** Activity **
The line with "추성훈은 한 손에 노란색" marks where to begin; print it and all lines after it in the material below exactly, skipping pictures.

++++++++++

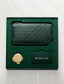 Fabriqué à la main dans le Doubs par les meilleurs artisans maroquiniers, ce dernier est doublé de veau vert hypoallergénique, signature chromatique de la marque.
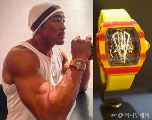 추성훈은 한 손에 노란색 밴드의 시계를 찼는데 그가 착용한 시계는 '리차드밀' 제품으로 전세계 50피스 한정판 제품으로 특히 가격만 8억7000만원에 달하는 것으로 알려져 놀라움을 샀다.
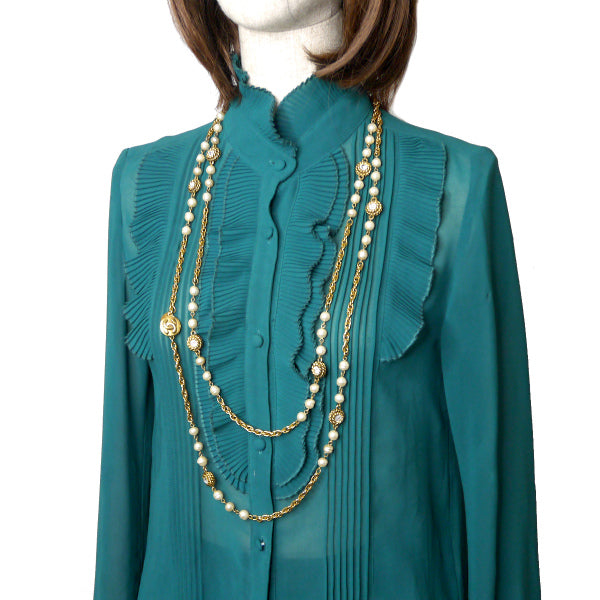 オールド ヴィンテージシャネル パール3連ネックレス(ゴールド)
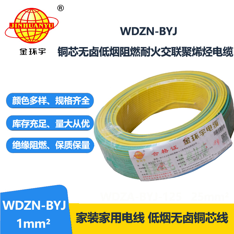 金環(huán)宇電線WDZN-BYJ 1平方低煙無鹵阻燃耐火電線 家裝單股硬線
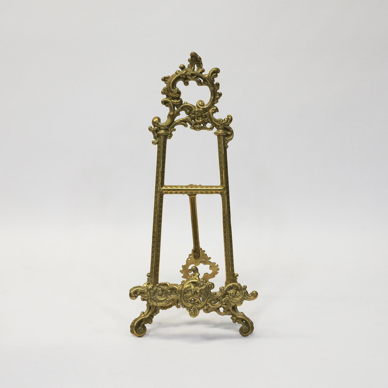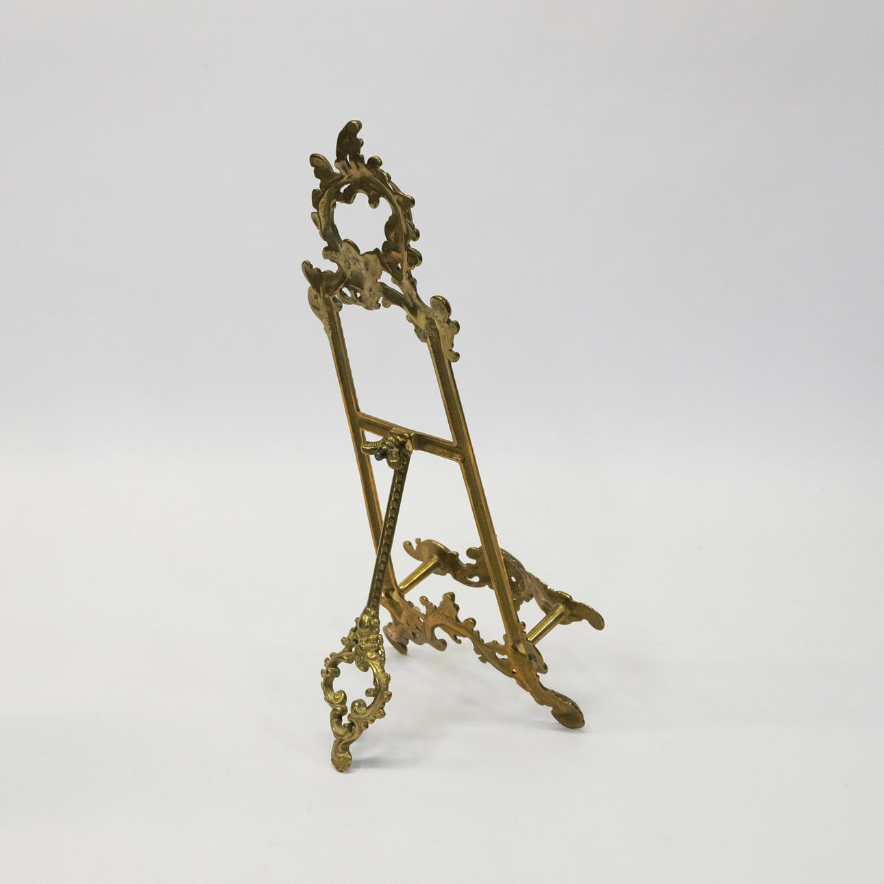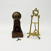 Table clock in wood and metal, Art Nouveau style, works marked: Junghans, height 28cm, key available. Brass frame/stand, height 33cm.
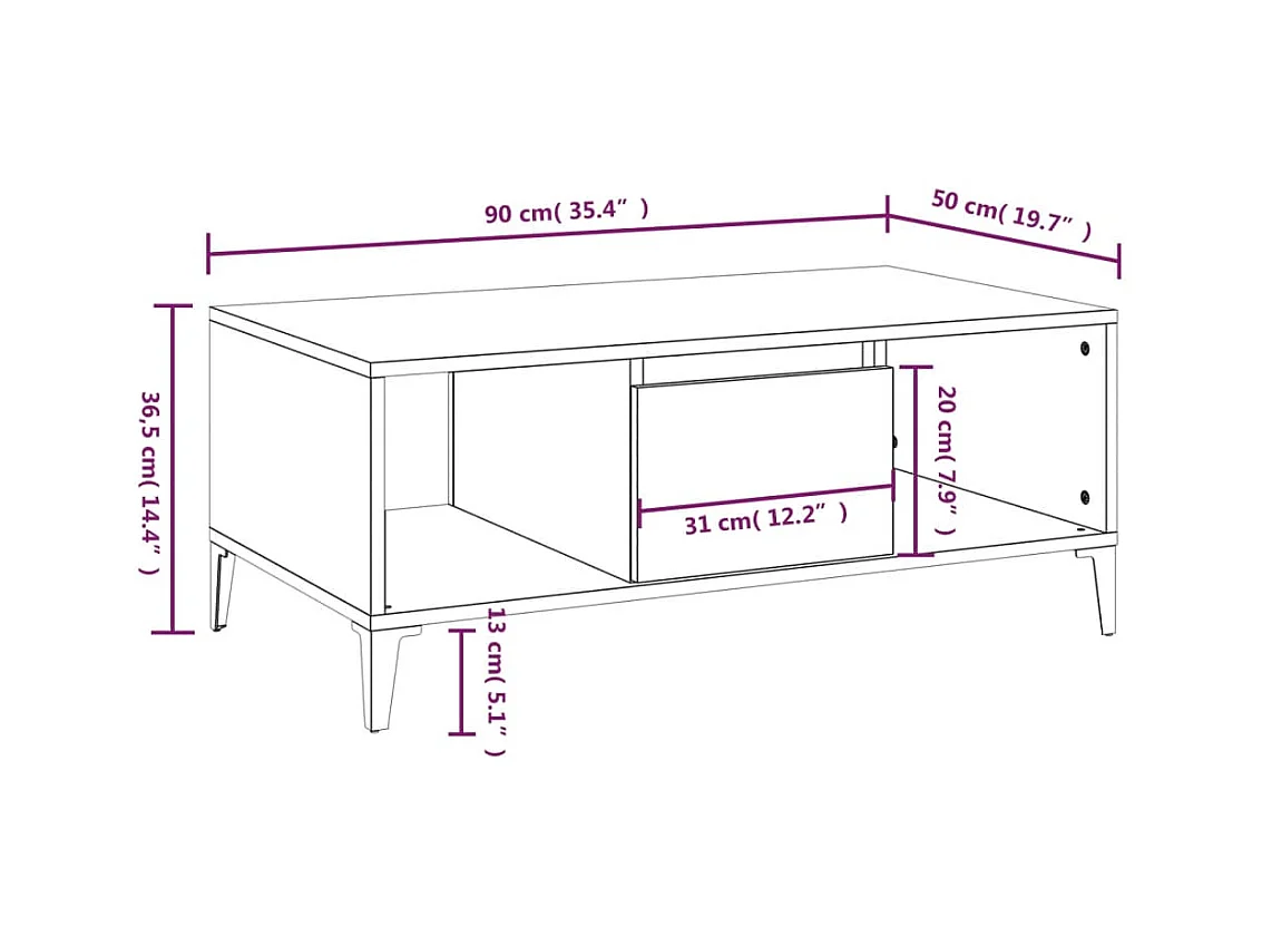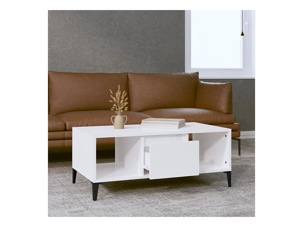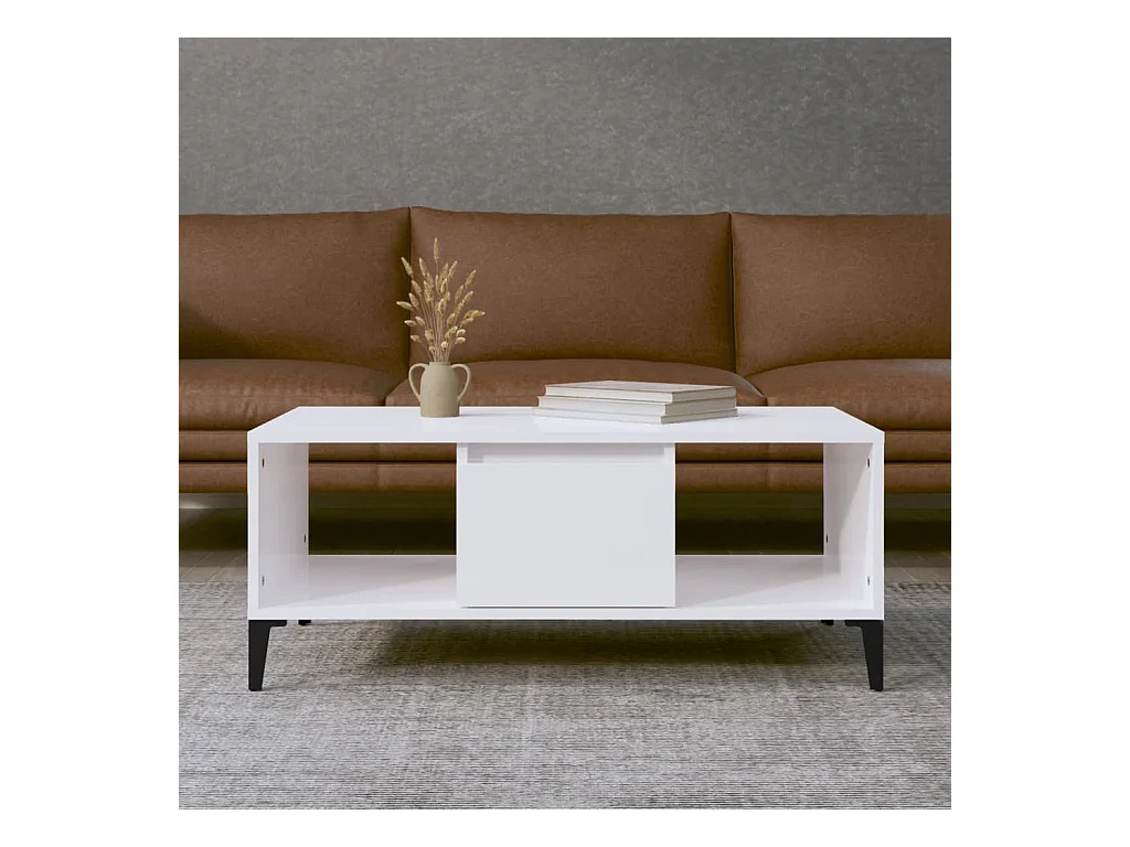 Tavolino Gold Bianco lucido 90x50x36,5 cm MDF

++++++++++

** Answer section **
 추성훈은 한 손에 노란색 밴드의 시계를 찼는데 그가 착용한 시계는 '리차드밀' 제품으로 전세계 50피스 한정판 제품으로 특히 가격만 8억7000만원에 달하는 것으로 알려져 놀라움을 샀다.
 オールド ヴィンテージシャネル パール3連ネックレス(ゴールド)
 金環(huán)宇電線WDZN-BYJ 1平方低煙無鹵阻燃耐火電線 家裝單股硬線
 Table clock in wood and metal, Art Nouveau style, works marked: Junghans, height 28cm, key available. Brass frame/stand, height 33cm.
 Tavolino Gold Bianco lucido 90x50x36,5 cm MDF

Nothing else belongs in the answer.